Оценки ситуации разнятся диаметрально: от заявлений о крахе мирового гегемона и глобального типа мироустройства до стоического «не случилось на самом деле ничего». И это тот случай, когда требуется ясность в понимании самих первооснов современного человейника. И вопрос формулируется ребром: похоронил ли коронавирус глобализм как ключевой принцип современного миропорядка? Вопрос тем более важен, что серьёзной угрозой глобального масштаба могут стать форсированные попытки установления «нового мирового порядка», но вовсе не того, который был нарисован в популярных визионерских концептах.

Условия смены миропорядка

Новый общественно-экономический порядок возникает при трёх минимальных «есть»: 1) недовольство существующим; 2) образ и необходимые предпосылки нового миропорядка; 3) воля, силы, ресурсы к переводу в новое состояние. Разумеется, это условия первого приближения. Жажда уточнения заставит искать ответы на многие и многие вопросы, в том числе, о чьём недовольстве речь, чьё недовольство does matter? Логика ответа приводит к известным признакам «революционной ситуации»: верхи не могут, низы не хотят, нужда и бедствия сверх обычного и т. д.

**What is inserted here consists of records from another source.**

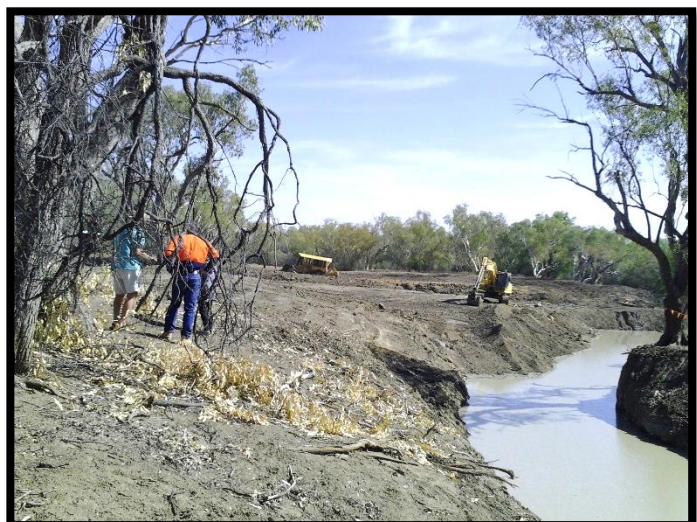
Flood Mitigation Project – 4 Mile
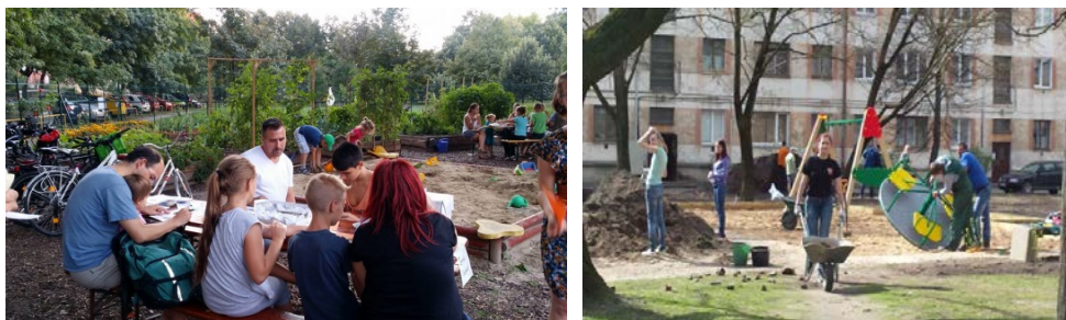
Figure 2: Motivated neighbourhood communities (left: Budapest; right: Riga)

In Latvia, one of the activities that have contributed to residents’ participation in the regeneration of the residential environment is the so-called Courtyard Refurbishment Movement. This project aims to encourage people to engage in the improvement of the areas surrounding their housing. The Courtyard Movement was created within the framework of the “Big Clean-up” – a project whose aim was to help people discover their common points of view and to learn how to cooperate. Priority was given to applications that would encourage active participation of local residents during and after the project development of the courtyard landscaping. A wide range of stakeholders was involved in the various activities throughout the process: local residents, students from different fields, professionals as mentors, representatives of local government and sponsors.
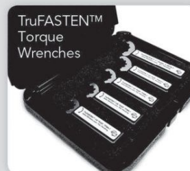
TruFASTEN™ Torque Wrenches

Более сложная картинка проявится, если в «верхах» помимо бессилия нет ещё и единства, а идёт зачастую борьба разных центров силы, у которых не только внутренние источники влияния, но и внешние. Ещё сложнее ситуация, когда активно действуют игроки, имеющие возможность скрывать свой потенциал влияния и потому быть необнаруженными в быстрых и сложных игровых сюжетах, развивающихся как настоящая спецоперация в стиле Mission impossible-19.

То же, собственно, и в «низах»: однородными в протесте они бывают редко. Как и всемирными такие протесты не были давно. В пределе это многообразие недовольства низов превращается в гражданскую войну, в ходе которой после ожесточений и жертвоприношений консолидируются позиции, стираются нюансы устремлений, и всё завершается или беспощадной победой одной силы, или компромиссом, или перемирием, или долгим латентным противостоянием. Понимание структуры недовольных и предметов недовольства — принципиальный вопрос текущего момента.

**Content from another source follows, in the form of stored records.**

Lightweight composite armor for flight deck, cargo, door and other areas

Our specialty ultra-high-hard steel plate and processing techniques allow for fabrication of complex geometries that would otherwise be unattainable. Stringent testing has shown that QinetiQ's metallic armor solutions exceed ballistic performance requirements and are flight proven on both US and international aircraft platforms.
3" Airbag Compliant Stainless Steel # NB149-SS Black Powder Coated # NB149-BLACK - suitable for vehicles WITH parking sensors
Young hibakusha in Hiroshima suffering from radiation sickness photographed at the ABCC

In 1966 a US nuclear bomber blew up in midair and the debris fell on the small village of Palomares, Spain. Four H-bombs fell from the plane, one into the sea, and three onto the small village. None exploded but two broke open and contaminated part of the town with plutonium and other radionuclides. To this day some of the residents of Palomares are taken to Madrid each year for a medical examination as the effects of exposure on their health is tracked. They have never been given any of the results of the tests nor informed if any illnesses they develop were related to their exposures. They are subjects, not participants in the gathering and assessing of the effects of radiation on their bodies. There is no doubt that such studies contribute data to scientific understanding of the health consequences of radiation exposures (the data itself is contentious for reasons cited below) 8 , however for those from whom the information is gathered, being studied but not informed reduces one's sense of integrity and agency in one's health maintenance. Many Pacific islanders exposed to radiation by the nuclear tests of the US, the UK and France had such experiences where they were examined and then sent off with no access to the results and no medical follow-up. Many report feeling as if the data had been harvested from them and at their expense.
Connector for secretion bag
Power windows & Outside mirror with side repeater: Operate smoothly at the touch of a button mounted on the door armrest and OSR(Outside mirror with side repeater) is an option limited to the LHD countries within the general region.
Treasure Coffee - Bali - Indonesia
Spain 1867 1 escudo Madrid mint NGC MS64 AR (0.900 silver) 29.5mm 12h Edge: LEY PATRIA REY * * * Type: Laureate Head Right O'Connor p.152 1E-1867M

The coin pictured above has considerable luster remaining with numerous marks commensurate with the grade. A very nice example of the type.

Как распространяется в обществе образ будущего? Опять же логика приведёт нас к вееру вопросов:

кто считается кумиром общественного мнения? Насколько кумир является настоящим? Имеют ли подлинные мыслители общества каналы коммуникации с ним? Какие интересы выражает тот или иной кумир, ставший таковым через манипуляции с рейтингами? Совсем серьёзная история начинается, когдаопыт волнений выковывает новых лидеров, выдвигающих новые картины мира и его будущего, места соратников в нём.

Исключительно важен вопрос о предпосылках нового миропорядка. Здесь нет линейных связей: если появились они, значит и порядок входит в жизнь. Как и в военной истории имеют значение не только соотношения сил, но и, к примеру, внзапность, смекалка, превосходящая математика манёвра, диверсия или качество шифрования, так и в большой истории встречаются периоды, когда отжившая модель может сохраняться далеко за пределами срока своей годности. Тем более, если правящие круги имеют изощрённость ума и жёсткую волю удерживать господство даже при объективно проигрышной ситуации. А перевод в новое состояние — задача всегда объективно труднее, чем удержание. Вспомним Николая I и Александра III. И тот, и другой прекрасно осознавали необходимость развития и реформ, но независимо от личных благих побуждений сделали ставку на «подмораживание». Нечто похожее произошло и после 1975 года в СССР. Исторически значимый прецедент в этом ключе — выбор, который пришлось делать советскому руководству в 1926 году, когда стало понятно, что ставка на мировую революцию провалилась, а теоретическая база не была рассчитана на долговременный курс на «построение социализма в одной стране». Результат этого выбора был закреплён в 1945 году, когда сложился на многие десятилетия биполярный миропорядок.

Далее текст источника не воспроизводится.